Added detail: That's the same "FIFO" hardware that I was testing. It can be purposed for one of three uses at a time:

• Programmatically RDFAST and RFxxxx, WRFAST and WFxxxx instructions. Used for buffered sequential data accesses of hubRAM. Eliminates the stall latency of the regular load and store instructions. But code execution mode must be local cogexec (cogRAM or lutRAM).

• Hubexec: Upon each cog branch into the shared hubRAM (main memory), the cog automatically issues a hidden RDFAST and proceeds to fill its pipeline from the FIFO.

• Streamer ops: This was the FIFO's original purpose. Each cog has a partner "streamer". I've been calling it an I/O DMA engine. It paces pin data to and from hubRAM. Again, cogexec is required. Hubexec is out.

Running a PASM subroutine in cogram from Spin2 is also possible but you need to load it first into the cogram at a known position. For that you need to add a little header before the PASM code, this is described in the "Spin2 Language Dokumentation".

The example "inline" Pasm I used automatically does this loading into cogRAM. And you don't get a choice. Whereas the DAT sectioned Pasm allows execution in-place in hubRAM.

• Posts: 15,338

@chud said:
I want to transition from PlatformIO / ESP32 to the P2 because I need a faster cycle time. I had a good experience with a P1 on a project long ago. I NEED to learn how to PASM to make the P2 transition for this project worthwhile. I did not realize XYPOL() existed. Still think I will need to do as much in assembly as possible. I might be wrong but I think my biggest hurtle now is understanding the format of PASM.
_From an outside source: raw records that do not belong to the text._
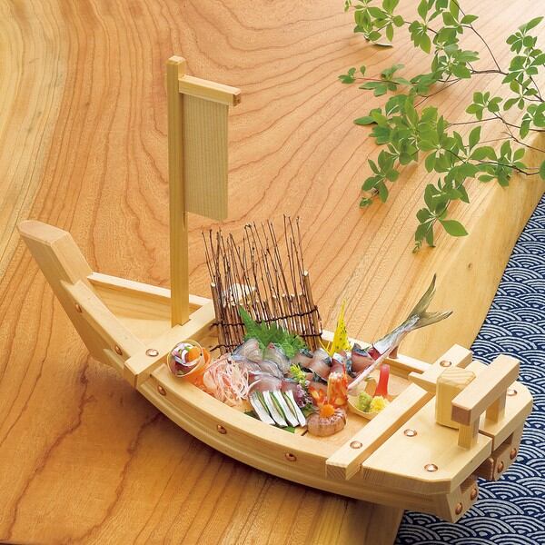 宴会の席などでおなじみの 御造りなどの料理を盛付ける、本格的な料理舟です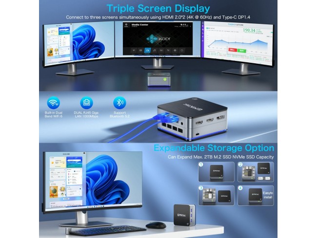 GMKtec G2 ponuja različne možnosti brezžične povezave, vključno z Wi-Fi 6 Dual Band, Bluetooth 5.2. Poleg tega razpoložljiva dvojna vrata LAN RJ45 1000M zagotavljajo hitrosti 1000 Mbps. Možnost priklopa do treh monitorjev zahvaljujoč priključkom HDMI 2.0 in DisplayPort. Računalnik podpira Wake On LAN, PXE Boot, RTC Wake in Auto Power On, zaradi česar je idealen za uporabo v strežniku.
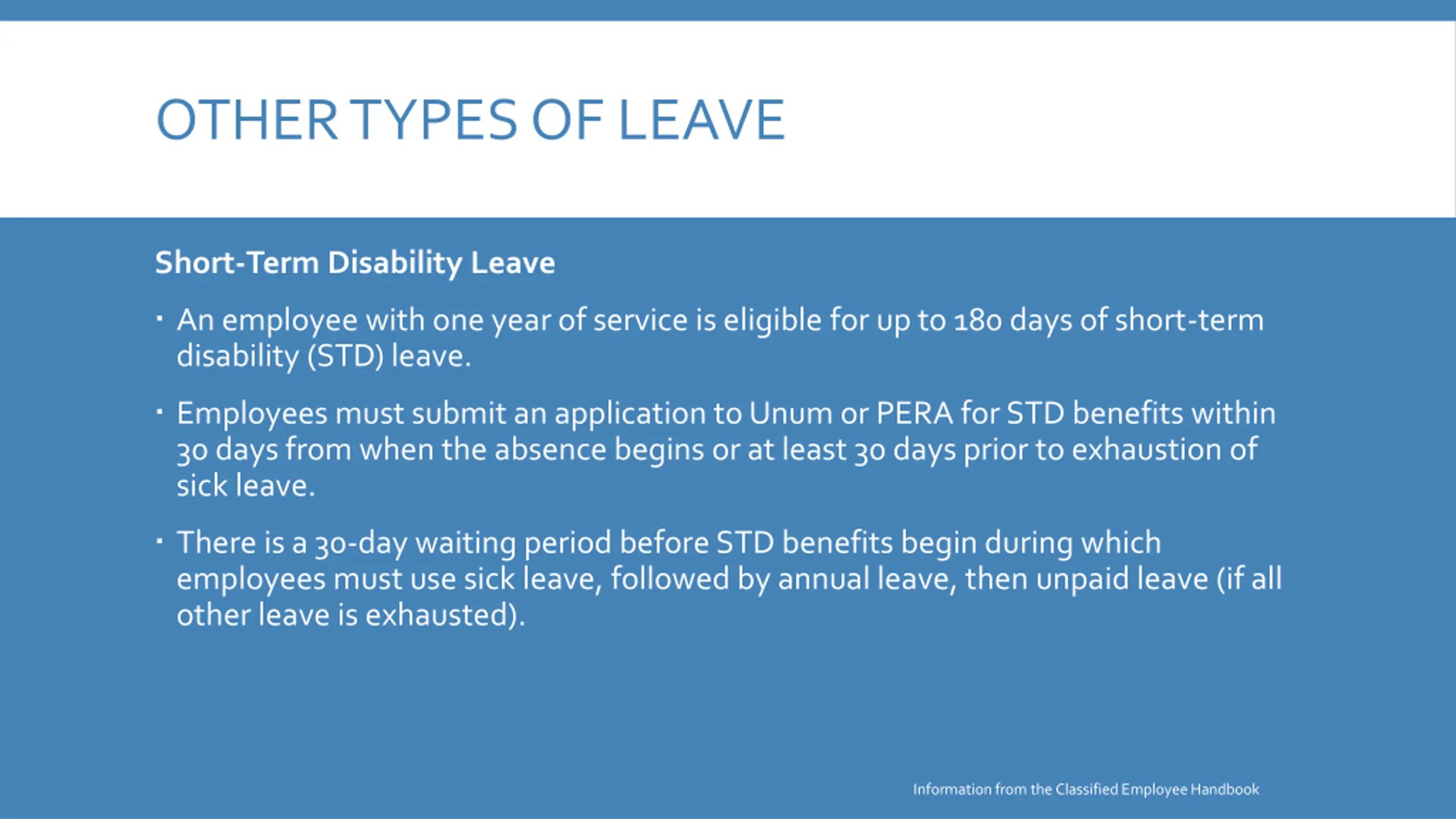 OTHER TYPES OF LEAVE Short-Term Disability Leave An employee with one year of service is eligible for up to 180 days of short-term disability (STD) leave. Employees must submit an application to Unum or PERA for STD benefits within 30 days from when the absence begins or at least 30 days prior to exhaustion of sick leave. There is a 30-day waiting period before STD benefits begin during which employees must use sick leave, followed by annual leave, then unpaid leave (if all other leave is exhausted). Information from the Classified Employee Handbook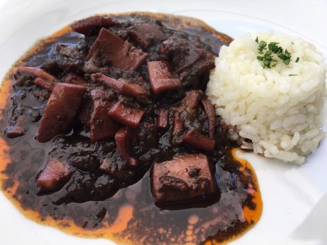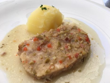 En verano hay dos platos imprescindibles en Nito. Dos guisos que en esta casa alcanzan niveles de excelencia. Uno son los calamares en su tinta. El otro el rollo de bonito, que como saben los habituales del blog es uno de mis platos favoritos. El de esta casa está a la altura de los mejores que se pueden comer en Asturias (entre ellos los de Casa Consuelo, Casa Tataguyo, Casa Nuevo o Casa Belarmino). Los dos, calamares y rollo, cayeron en nuestra comida. Los primeros, cortados en trozos, muy tiernos, con una salsa perfectamente ligada a base de cebolla en la que mojar mucho pan. Como guarnición, un buen arroz blanco, que es la mejor compañía para este guiso. El rollo de bonito al nivel de siempre. Un jugoso pastel con el bonito picado con jamón, huevo cocido y aceitunas y una salsa de verduras. Como único acompañamiento una patata cocida.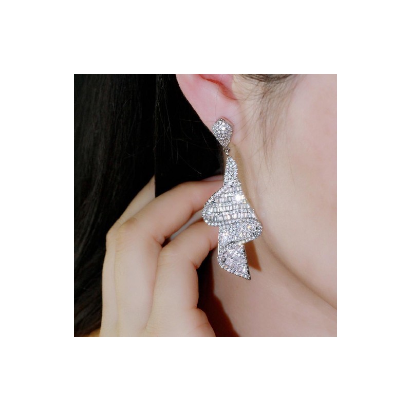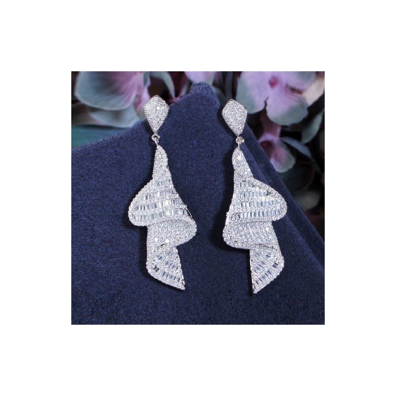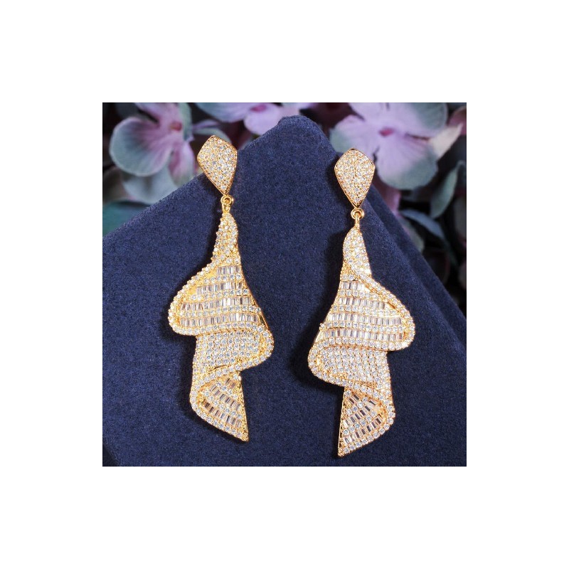 CWWZircons Geometrikus csillogó díszes fehér cirkónia nagy, hosszú leejtő fülbevaló nőknek Dubai arany színű menyasszonyi ékszer CZ803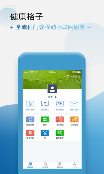 我的健康、我的通知、健康指标、排队、预约挂号、咨询医生、门诊缴费、自助服务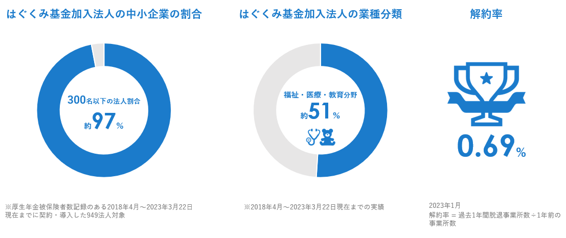 従業員側のメリットには、難しい投資の知識が不要で、元本が保証されていることがあげられます。また、原則60歳以上にならないと受け取りができない企業型DC(企業型確定拠出年金)やiDeCo(個人型確定拠出年金)に比べて、退職時や休職時、育児・介護休業時にも受け取ることが可能なため、育児や介護を将来に控える従業員から厚い支持を集めています。現在、加入事業所のうち73%が医療・福祉関係となっておりますが、他業界の法人様もご加入いただけます。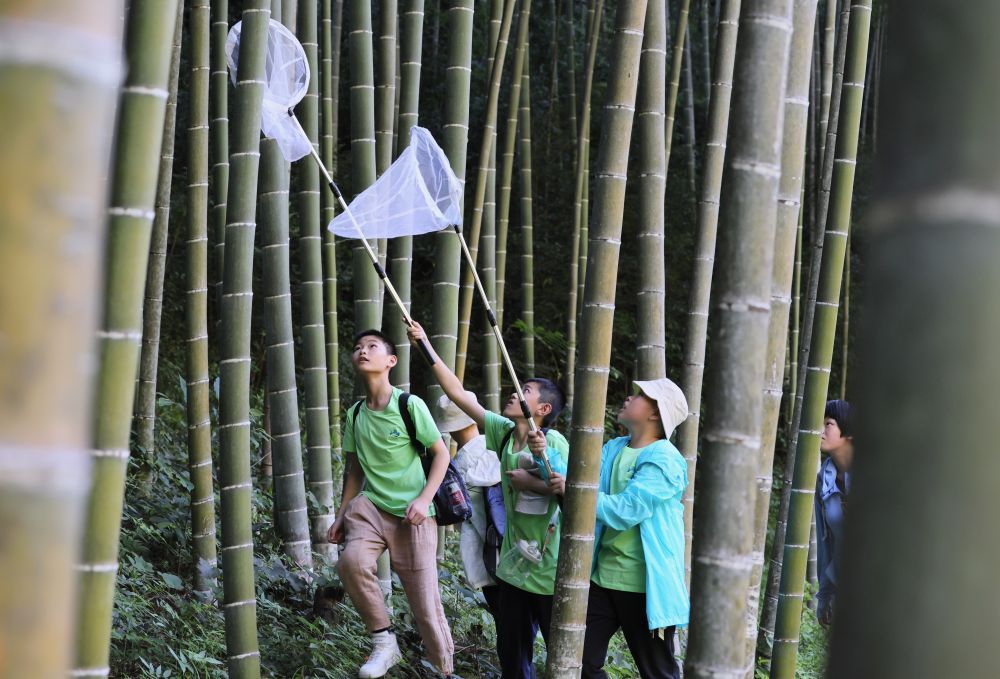 2022年7月,首届武夷山国家公园自然教育活动在武夷山国家公园举行,参加活动的中小学生在武夷山国家公园大竹岚捕捉昆虫。 新华社记者 姜克红 摄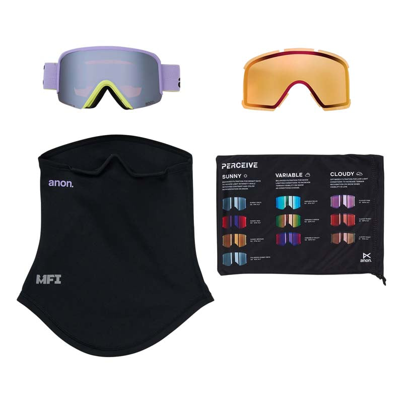 Integral Clarity anti-fog technology exceeds standard treatments, so your vision remains unobstructed, even during high-output or variable snow conditions. Full perimeter vent channels maximize airflow, quickly moving out hot air and moisture for optimal visibility. Included in the package are a bonus Perceive lens and a microfiber goggle bag, making the Anon Nesa S a complete solution for snow athletes who prioritize both style and substance.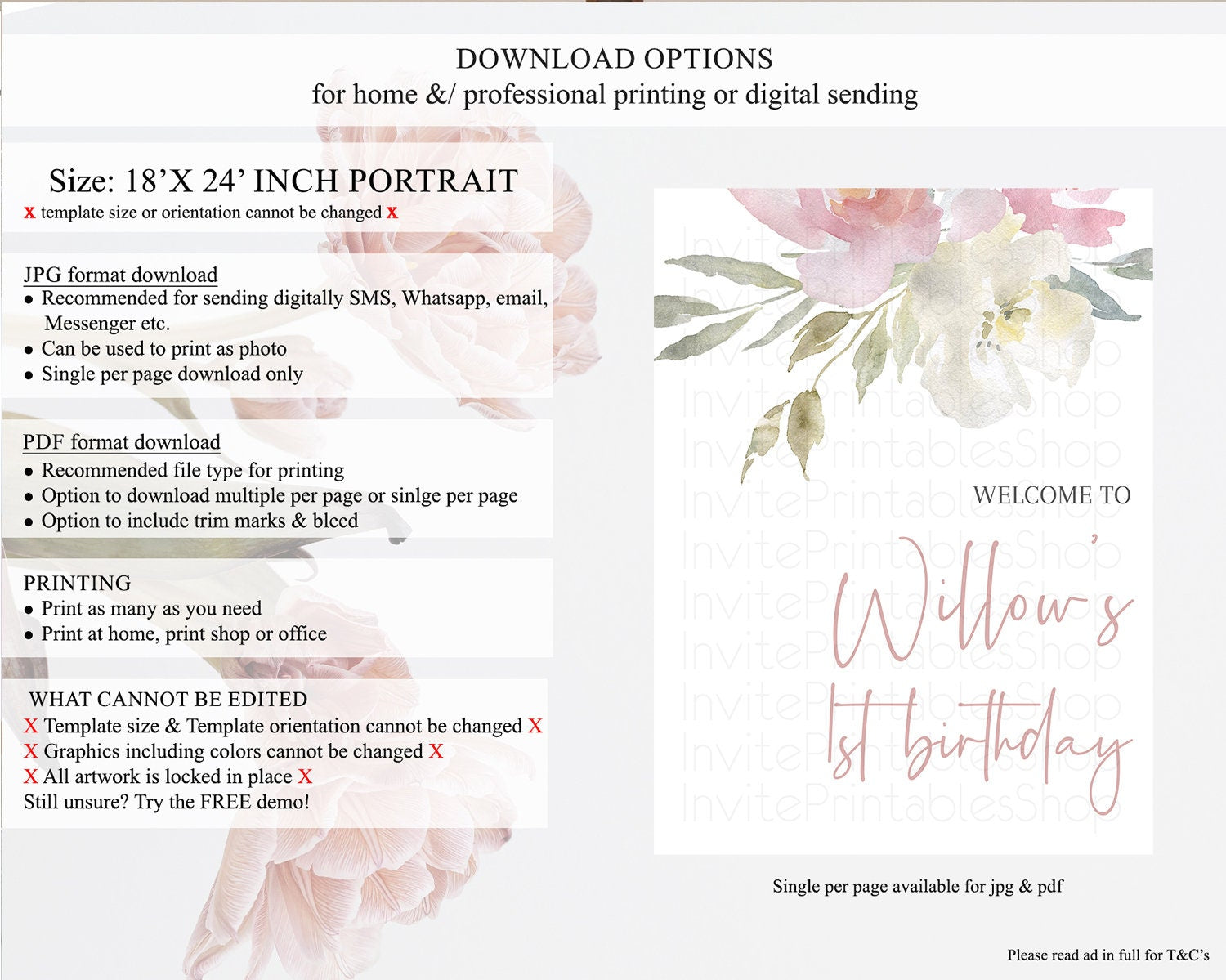 Secret Garden Welcome Sign Wildflower Welcome Board Pastel Flower Garden Welcome Poster Boho Wildflower First Birthday Welcome Sign D10183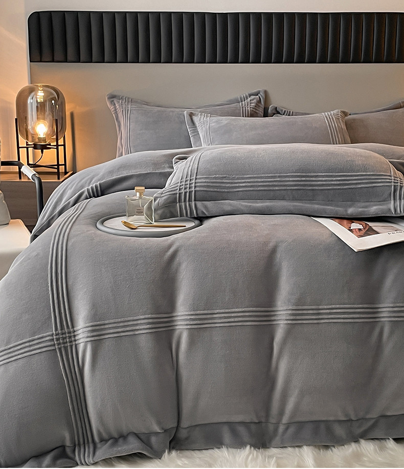 米瑞娜 2024新款轻奢风埋绳款高克重牛奶绒四件套 美娜德-雅士灰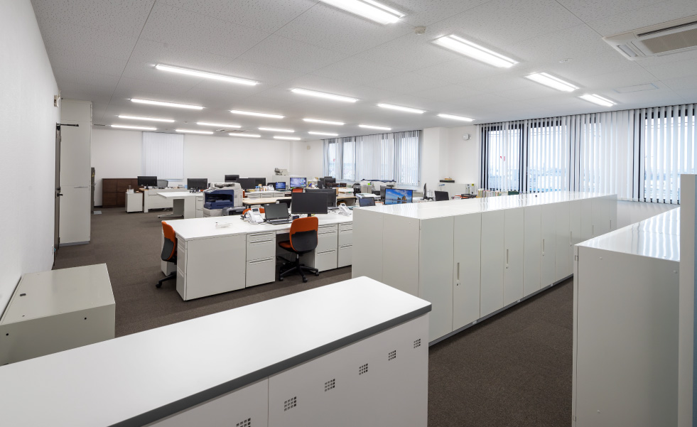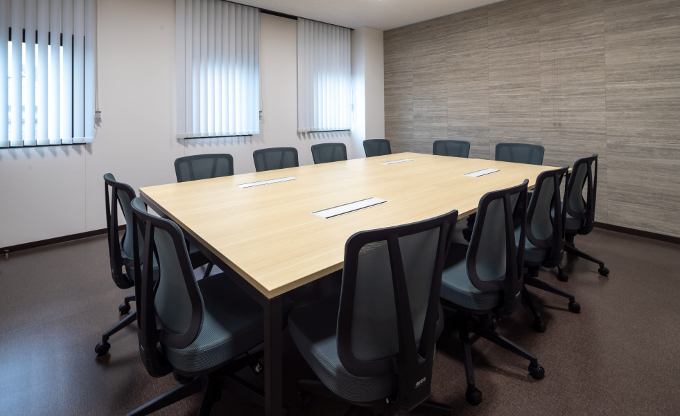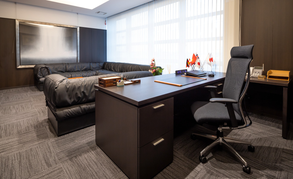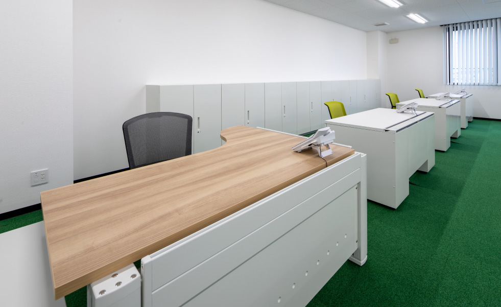 新社屋(3階建て)の新築に伴う、全フロアのオフィスレイアウト・家具コーディネートをご依頼いただきました。ワークスペースについては、行き来がしやすいように席の間隔を広めに取り、部署ごとにチェアのカラーリングを変えることでエリア分けするとともに、他部署との交流がしやすいよう、中央付近に作業テーブルなどを配置。より働きやすいレイアウトを心がけました。旧社屋から移設する家具もあったため雑多な印象にならないよう、清潔感のある白と明るい木目を基調に家具をコーディネート。各会議室のテーブルは、デジタル機器を用いた効率的な会議ができるよう、コンセント内蔵型や配線スペースがあるタイプをセレクトしています。社長室・応接室・役員室などはガラリと雰囲気を変え、ブラックやダークブラウンを基調としたシックで高級感のあるデザインとなっています。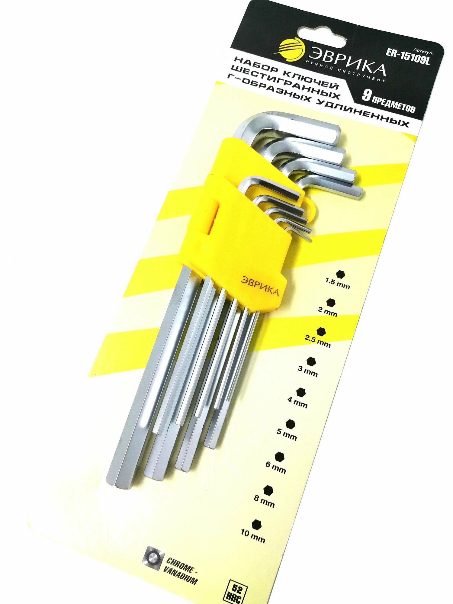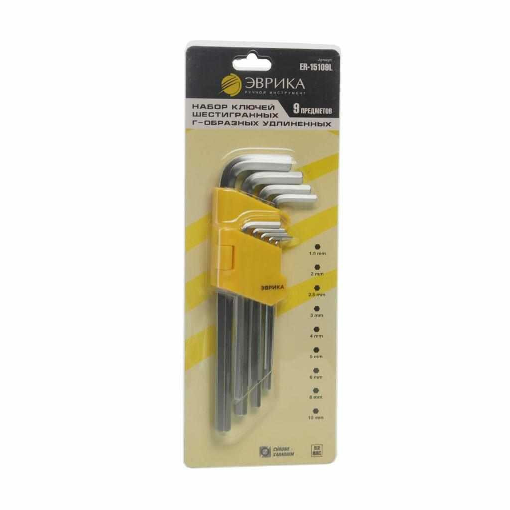 Купить Эврика ER-15109L Набор ключей шестигранных 1.5-10мм Г-образных удлиненных 9 предметов эврика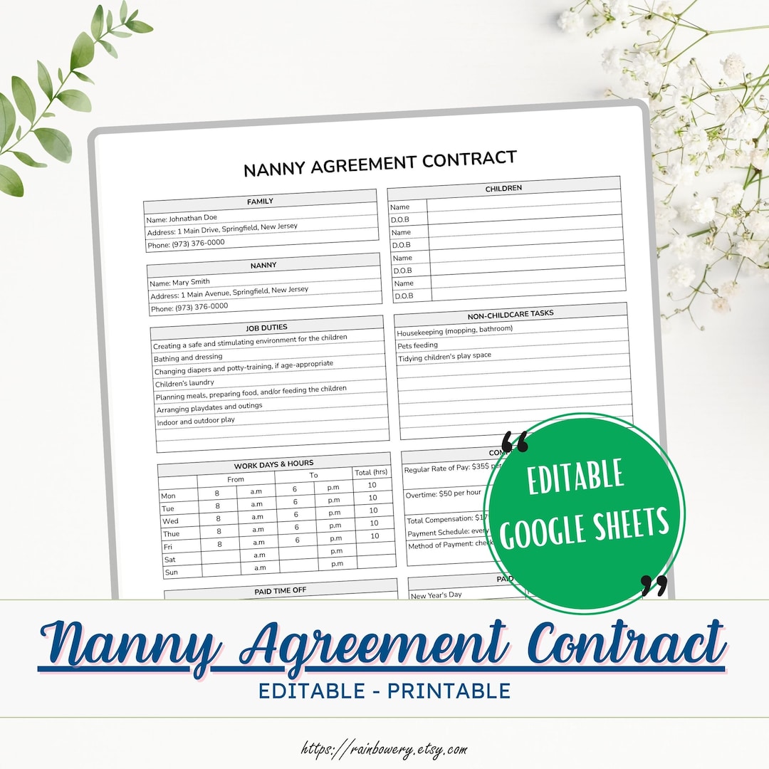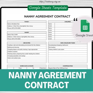 Nanny Agreement Contract Editable Google Sheets Nanny Contract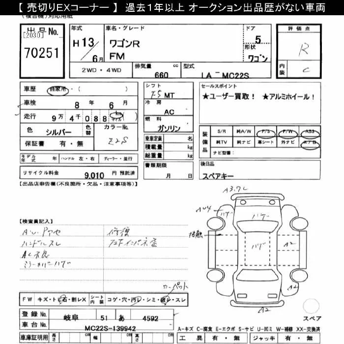 Suzuki WAGON R с аукциона Японии JU Gifu лот № 70251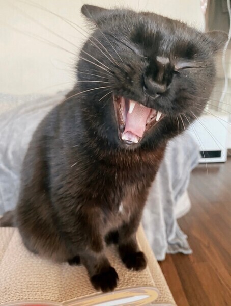 | 特徴(性格など) | 来た時からとっても人懐っこい女の子♪いつも1番にお出迎えしてくれて、寝るときも一緒です♡ 体のサイズが大きめな子なので寝心地も最高ですw 他の猫ちゃんやワンコともすぐ仲良しです!また、真っ黒な毛は触ってびっくり、サラサラのふわふわ。甘えたでかわいく癒されると思います!目と目の間は怪我をしていたのですが、今は治って産毛が生えてきています。ご安心ください。 ・避妊手術済み ・ノミダニ便虫駆除済 ・エイズ(−)白血病(−) ・3種混合ワクチン接種済 |

There is an alternative for performance - Flexspin offers compile to native Pasm. And you can choose Spin, C, Basic or even a mixture of them to compile from. All paths also have various options for incorporating crafted Pasm into the program.

There is even an option for pinning functions as cogexec. They then have the tight loop performance without the copy to cogRAM overhead. Of course such cases do consume valuable local RAM so you would want to be sparing on size and quantity of such functions.